▶ **What to do**: Find the line in the entries below that contains "GIUSTO Brioches alla". Repeat it exactly, and every line after it through the line that contains "At the heart".

▶ **Data for analysis**:
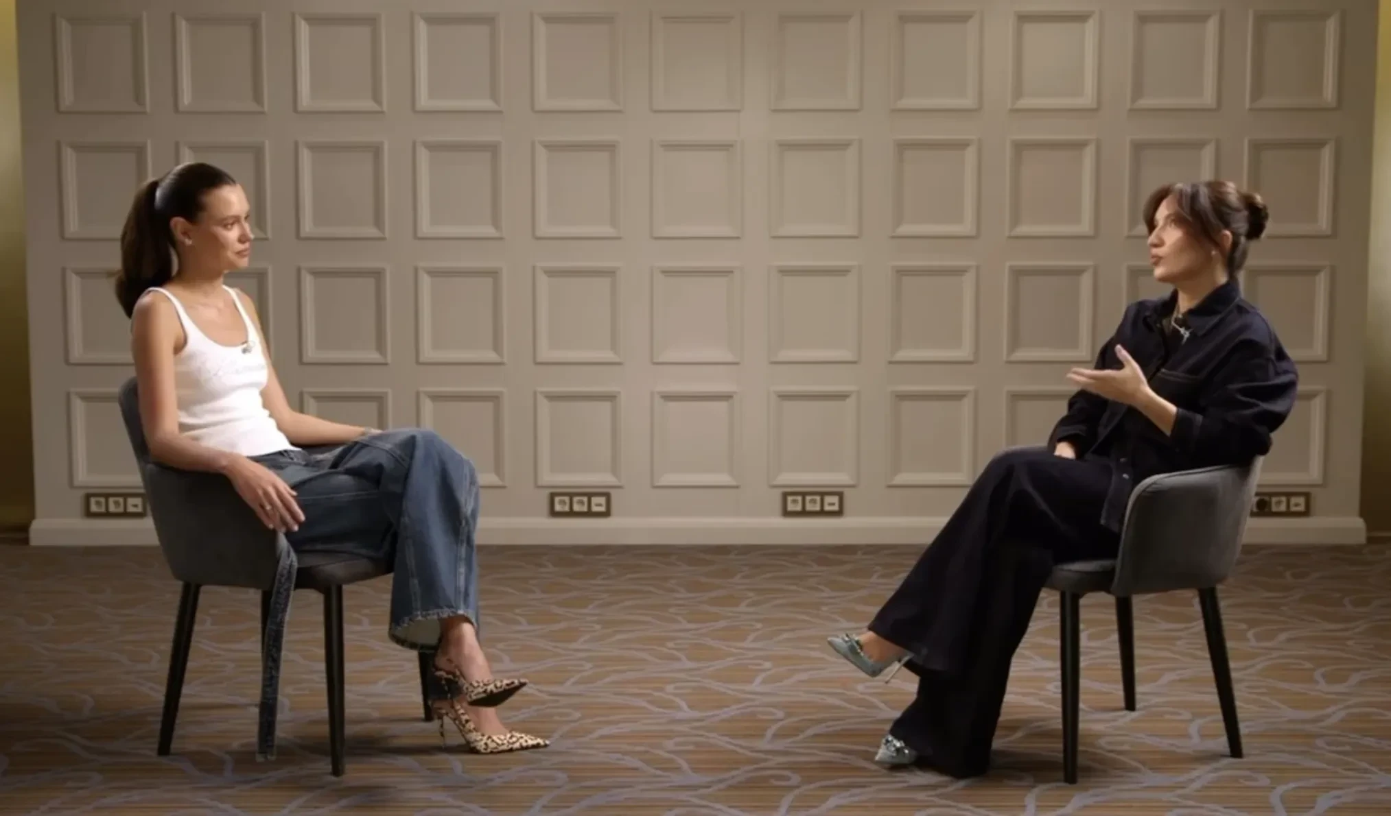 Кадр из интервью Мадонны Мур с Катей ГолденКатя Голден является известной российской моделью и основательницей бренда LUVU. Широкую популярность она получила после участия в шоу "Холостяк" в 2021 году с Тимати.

--

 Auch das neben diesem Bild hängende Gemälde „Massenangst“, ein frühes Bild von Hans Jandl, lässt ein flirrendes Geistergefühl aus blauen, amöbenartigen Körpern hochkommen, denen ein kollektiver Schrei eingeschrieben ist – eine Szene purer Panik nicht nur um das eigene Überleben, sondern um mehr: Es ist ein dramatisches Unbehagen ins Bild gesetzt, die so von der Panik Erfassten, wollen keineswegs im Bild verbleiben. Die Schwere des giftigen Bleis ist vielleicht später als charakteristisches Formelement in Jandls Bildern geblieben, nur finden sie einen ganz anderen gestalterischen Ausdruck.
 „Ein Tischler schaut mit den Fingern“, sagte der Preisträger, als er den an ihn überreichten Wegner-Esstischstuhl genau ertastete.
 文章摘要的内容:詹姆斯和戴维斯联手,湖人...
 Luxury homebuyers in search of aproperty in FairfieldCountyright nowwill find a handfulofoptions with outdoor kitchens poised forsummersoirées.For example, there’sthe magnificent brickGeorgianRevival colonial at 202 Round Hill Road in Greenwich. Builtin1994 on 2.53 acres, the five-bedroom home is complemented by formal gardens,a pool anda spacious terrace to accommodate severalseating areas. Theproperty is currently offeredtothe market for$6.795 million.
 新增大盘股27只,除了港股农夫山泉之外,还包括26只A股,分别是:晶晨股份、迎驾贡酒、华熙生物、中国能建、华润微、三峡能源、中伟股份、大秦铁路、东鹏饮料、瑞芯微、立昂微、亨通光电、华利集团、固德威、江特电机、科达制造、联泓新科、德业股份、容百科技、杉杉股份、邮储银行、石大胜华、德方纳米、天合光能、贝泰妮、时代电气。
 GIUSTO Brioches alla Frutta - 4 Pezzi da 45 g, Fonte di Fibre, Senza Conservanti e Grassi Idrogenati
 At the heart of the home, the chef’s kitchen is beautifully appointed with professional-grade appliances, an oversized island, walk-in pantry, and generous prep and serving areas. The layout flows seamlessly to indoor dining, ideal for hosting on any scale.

▶ **Written solution**:
 GIUSTO Brioches alla Frutta - 4 Pezzi da 45 g, Fonte di Fibre, Senza Conservanti e Grassi Idrogenati
 At the heart of the home, the chef’s kitchen is beautifully appointed with professional-grade appliances, an oversized island, walk-in pantry, and generous prep and serving areas. The layout flows seamlessly to indoor dining, ideal for hosting on any scale.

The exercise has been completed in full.